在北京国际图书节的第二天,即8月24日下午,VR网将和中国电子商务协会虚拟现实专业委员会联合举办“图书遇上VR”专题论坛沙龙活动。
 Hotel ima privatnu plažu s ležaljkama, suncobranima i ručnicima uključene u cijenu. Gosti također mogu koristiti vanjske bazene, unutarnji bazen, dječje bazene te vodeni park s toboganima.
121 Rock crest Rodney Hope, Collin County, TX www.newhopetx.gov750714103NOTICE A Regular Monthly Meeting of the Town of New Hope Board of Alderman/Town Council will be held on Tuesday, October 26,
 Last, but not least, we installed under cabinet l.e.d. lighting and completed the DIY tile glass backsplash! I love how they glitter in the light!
::::::
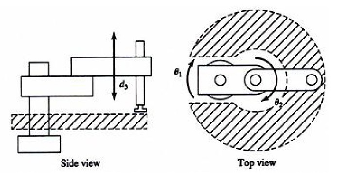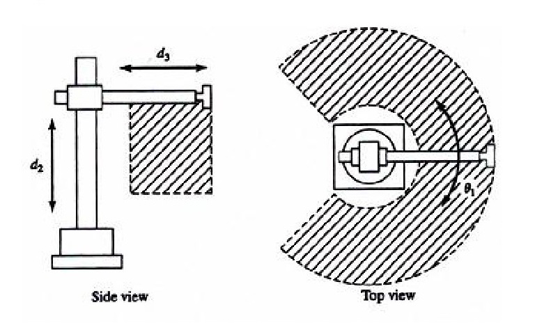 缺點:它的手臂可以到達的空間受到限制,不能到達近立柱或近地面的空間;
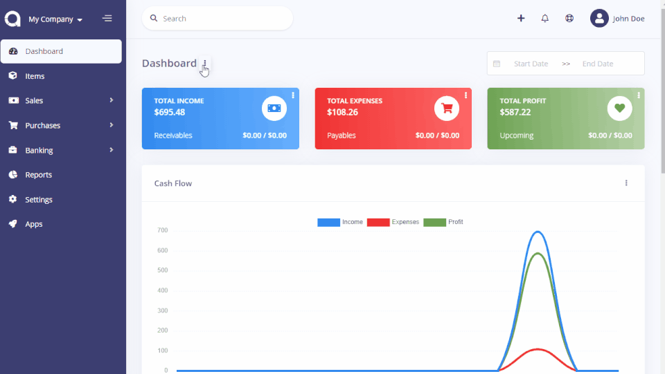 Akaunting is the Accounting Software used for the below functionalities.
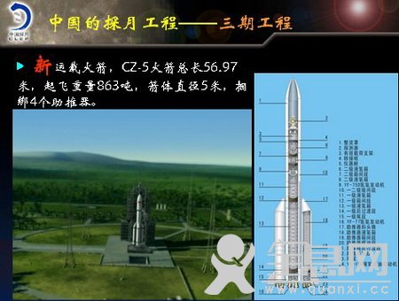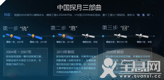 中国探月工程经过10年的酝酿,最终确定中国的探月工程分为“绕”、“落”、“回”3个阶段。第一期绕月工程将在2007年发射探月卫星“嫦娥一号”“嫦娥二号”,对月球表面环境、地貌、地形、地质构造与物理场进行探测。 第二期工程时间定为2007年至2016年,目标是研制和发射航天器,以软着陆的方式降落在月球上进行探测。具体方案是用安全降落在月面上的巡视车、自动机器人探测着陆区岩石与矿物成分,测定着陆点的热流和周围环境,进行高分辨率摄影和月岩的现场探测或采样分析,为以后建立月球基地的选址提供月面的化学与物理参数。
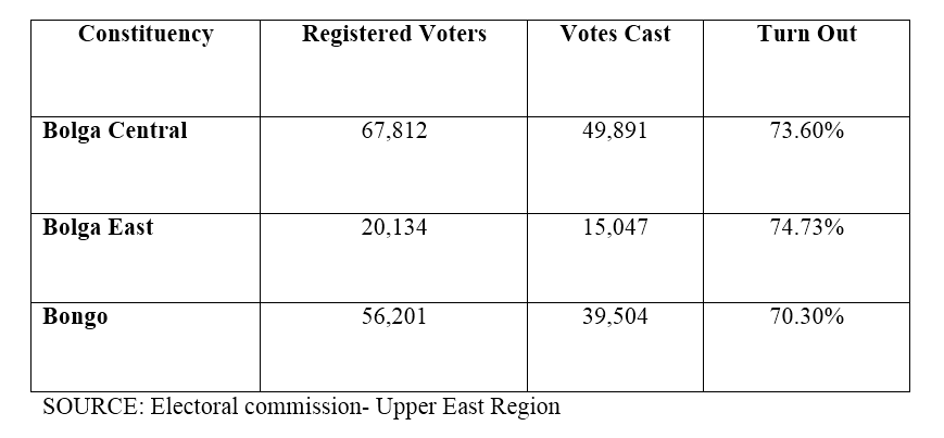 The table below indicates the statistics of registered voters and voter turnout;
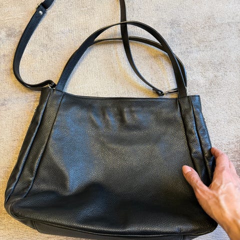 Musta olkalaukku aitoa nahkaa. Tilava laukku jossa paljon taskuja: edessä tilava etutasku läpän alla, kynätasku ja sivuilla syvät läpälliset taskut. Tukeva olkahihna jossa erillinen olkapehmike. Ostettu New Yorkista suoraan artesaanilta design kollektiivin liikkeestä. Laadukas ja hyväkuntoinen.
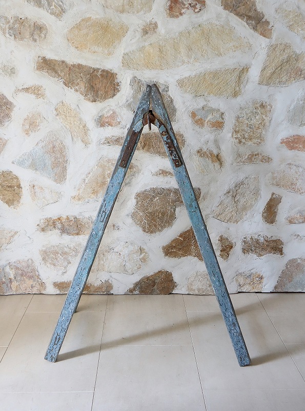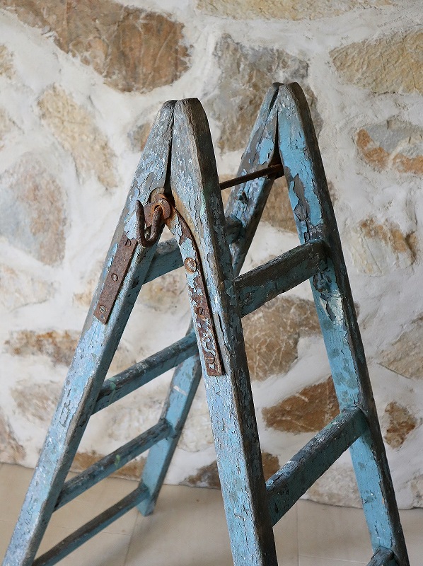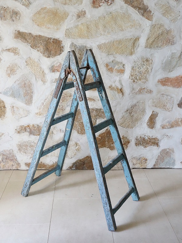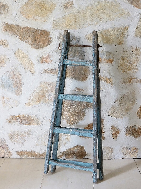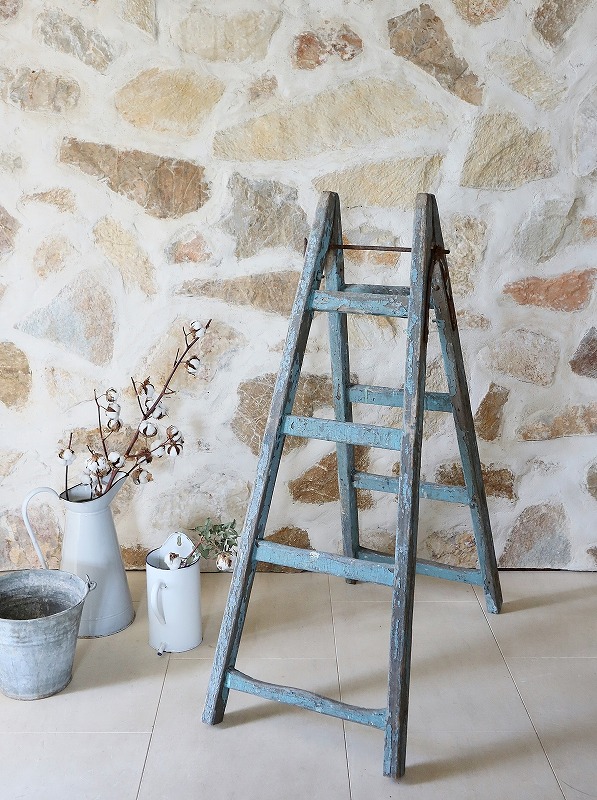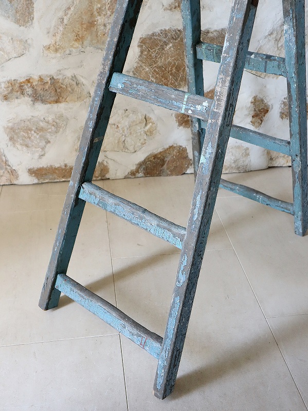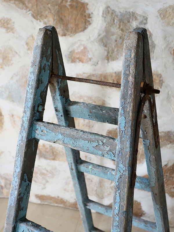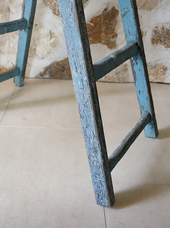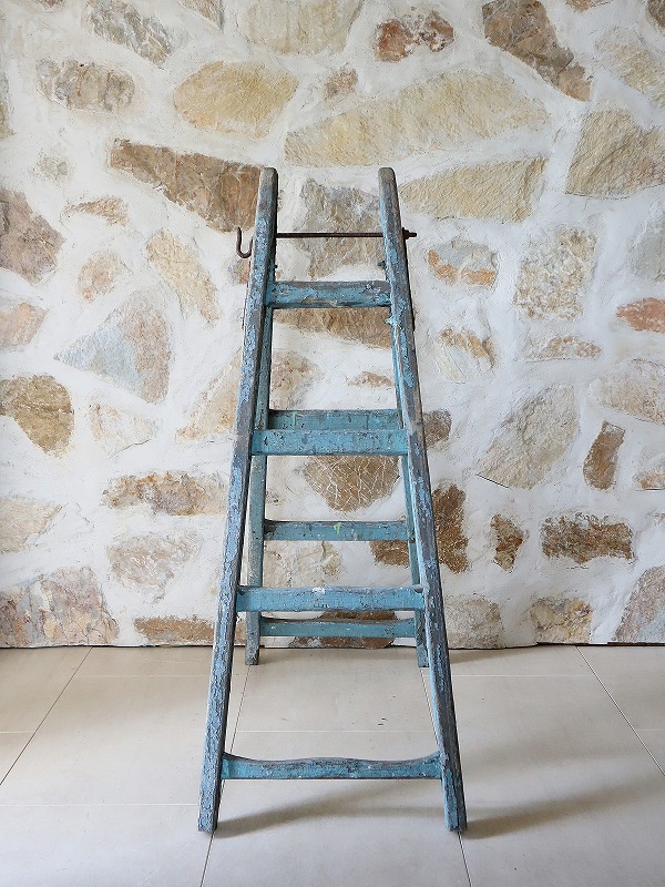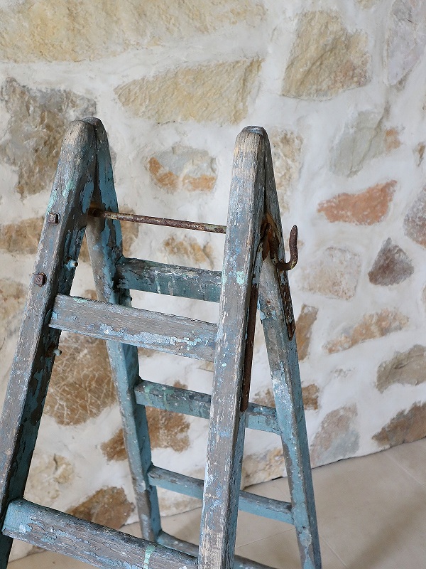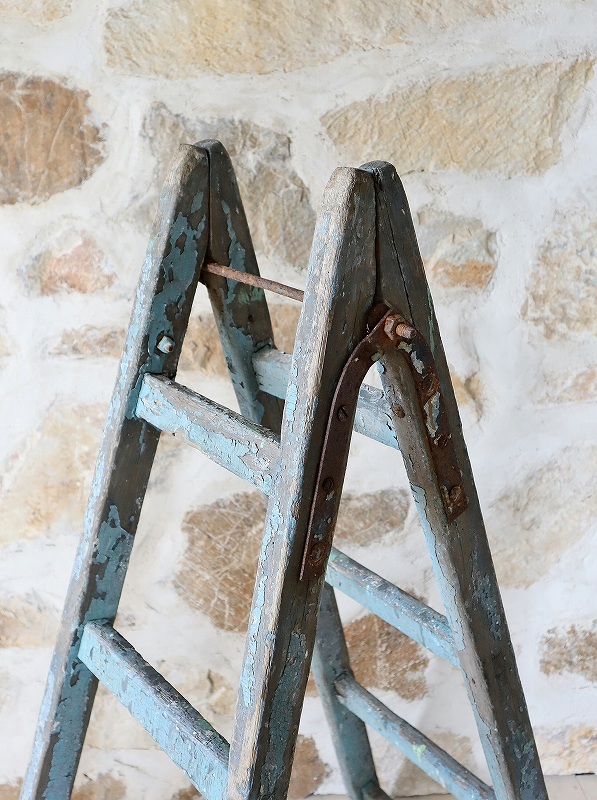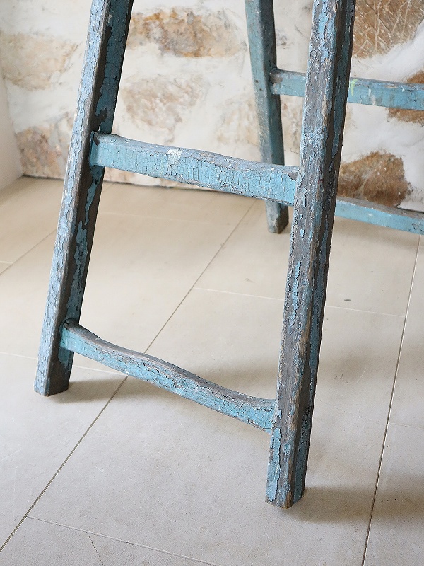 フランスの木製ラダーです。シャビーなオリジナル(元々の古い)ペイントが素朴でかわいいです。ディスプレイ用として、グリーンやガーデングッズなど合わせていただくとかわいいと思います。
::::::
All lines above from the one containing "The table below" up to and including the one containing "フランスの木製ラダーです。シ" are to be set down exactly, and nothing else. Leave images out.

 The table below indicates the statistics of registered voters and voter turnout;
 Musta olkalaukku aitoa nahkaa. Tilava laukku jossa paljon taskuja: edessä tilava etutasku läpän alla, kynätasku ja sivuilla syvät läpälliset taskut. Tukeva olkahihna jossa erillinen olkapehmike. Ostettu New Yorkista suoraan artesaanilta design kollektiivin liikkeestä. Laadukas ja hyväkuntoinen.
 フランスの木製ラダーです。シャビーなオリジナル(元々の古い)ペイントが素朴でかわいいです。ディスプレイ用として、グリーンやガーデングッズなど合わせていただくとかわいいと思います。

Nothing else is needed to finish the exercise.